Kate Webb

Whose truths are they anyway?

issue 22 September 2018

Transcription, Kate Atkinson’s 11th novel, sees her returning to the detective fiction she honed in her series about Jackson Brodie, the haunted private eye who, after the murder of his young sister, chased the killers of girls. It also pursues some of the themes of her more recent fictions, Life After Life and A God in Ruins, which explored the ambiguities of war, and questions of chance and fate, with lives played out in multiple permutations. There is, however, no professional detective in Transcription. Instead it falls to an ordinary young woman to fathom the meaning of her life and, by extension, what it means to be caught in the net of history.

This time around it’s not so much life after life, but aftermath and afterlife that Atkinson is concerned with, making the point that our lives are not tidily parcelled but extend beyond moments of drama into periods of consequence and reckoning. Bookended by two brief scenes in 1981, Transcription jumps between 1940, when a newly orphaned, 18-year-old Juliet Armstrong is recruited as a typist into MI5, and a decade later when she’s working as a producer of children’s radio programmes for the BBC. In the later period she finds people long thought dead, abroad, in prison, or simply gone from her life, returning to haunt her. Is this her imagination running away with her — the thing Perry, her boss at MI5 repeatedly warned against? Or should the threatening notes she’s been receiving be taken seriously?

Contained in this predicament is the question Atkinson wants us to consider: what does it mean to be a good reader — of her book, of course, but also of the world? The transcriptions Juliet makes are of secretly recorded conversations between English fifth columnists — disaffected aristocrats, ‘frustrated housewives’ — and Godfrey Toby, someone they believe to be a Gestapo agent, but who in fact works for MI5. These transcripts run throughout the book, alerting the reader to the details we often miss and the information we misconstrue. Juliet is held to be proficient at her job precisely because she has an active imagination (despite his warnings, she casts Perry in the role of her romantic lead) and compared to other transcribers is good at filling in the gaps. But how accurate is her version of events, and indeed how accurately do we read Juliet? The job is made harder by the fact that at both MI5 and the BBC (organisations, Juliet notes, which swap personnel with remarkable ease) everyone seems to be a copy, whether playing versions of themselves, performing in the Great Game as a spy, or acting in the children’s radio histories she keeps re-writing, trying to enliven and ennoble them.

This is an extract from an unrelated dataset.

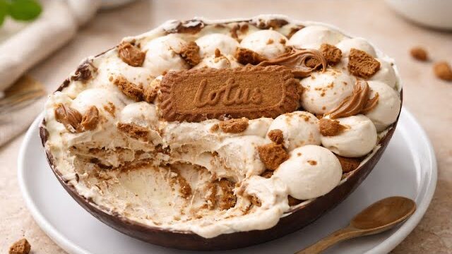 Het gevulde chocolade-ei met Lotus-crème en Lotuskoekjes is een superlekker dessert, perfect voor Pasen en voor alle liefhebbers van de beroemde specerijenkoekjes.

Juliet’s name suggests a predetermined role in life but — not wanting to end up like one of Brodie’s doomed girls — she tries to avoid the fate it predicts. Understanding how the game works is the first step to self-preservation so, refusing to be hunted, Juliet chooses the role of hunter. This, though, is not easy. Perry’s rules (‘it’s in the details’, ‘don’t give too much away’) are useful in her apprenticeship as a spy and as a woman, yet even to him she rarely says what she means. Her undisclosed thoughts are bracketed like ghosts in the text, indicating an unspoken opposite that seems like English irony, but which also has a touch of the dialectic. The endless role-playing, however, makes it hard to detect which ‘side’ anyone is on and, therefore, who they are opposed to. Often the signs are ambivalent: M15’s rationale for killing people in the name of a ‘greater good’ looks like fascist instrumentalism; the BBC’s pretence that there are no sides in history, broadcasting programmes with ‘Serfs galore (quite happy — most unlikely)’, resembles authoritarian propaganda. Even the record of fifth columnists that Juliet tries to recover is confusingly called The Red Book, and while the vileness of anti-Semitism is a given, it is not at all clear that ‘This England’ — at least as an idea — is worth fighting for.

Amid all this Atkinson creates a contemporary version of a ripping good yarn (nudging us to the realisation with references to John Buchan and Erskine Childers). Her trick is to combine propulsive plot with a high degree of self-consciousness, and in Transcription the fiction comes with a skin so thin it is almost transparent. What she reveals of its inner working is a novel full of smoke and mirrors, of artifice and redirection in which all that is solid melts into air — quite literally in the case of Godfrey Toby: ‘the mist closed around him once more and he disappeared’. Toby, perhaps a double or even triple agent, turns out to be, like ‘This England’, an enigmatic construct.

And Juliet lives long enough to understand that the red books of either side have more in common than we once imagined. As she lies dying she hopes her son will understand, ‘Nothing mattered, and this was a freedom, not a burden.’ What matters are not the red books, strong-arming us into preordained plots, Atkinson seems to be suggesting, but how sceptically we read.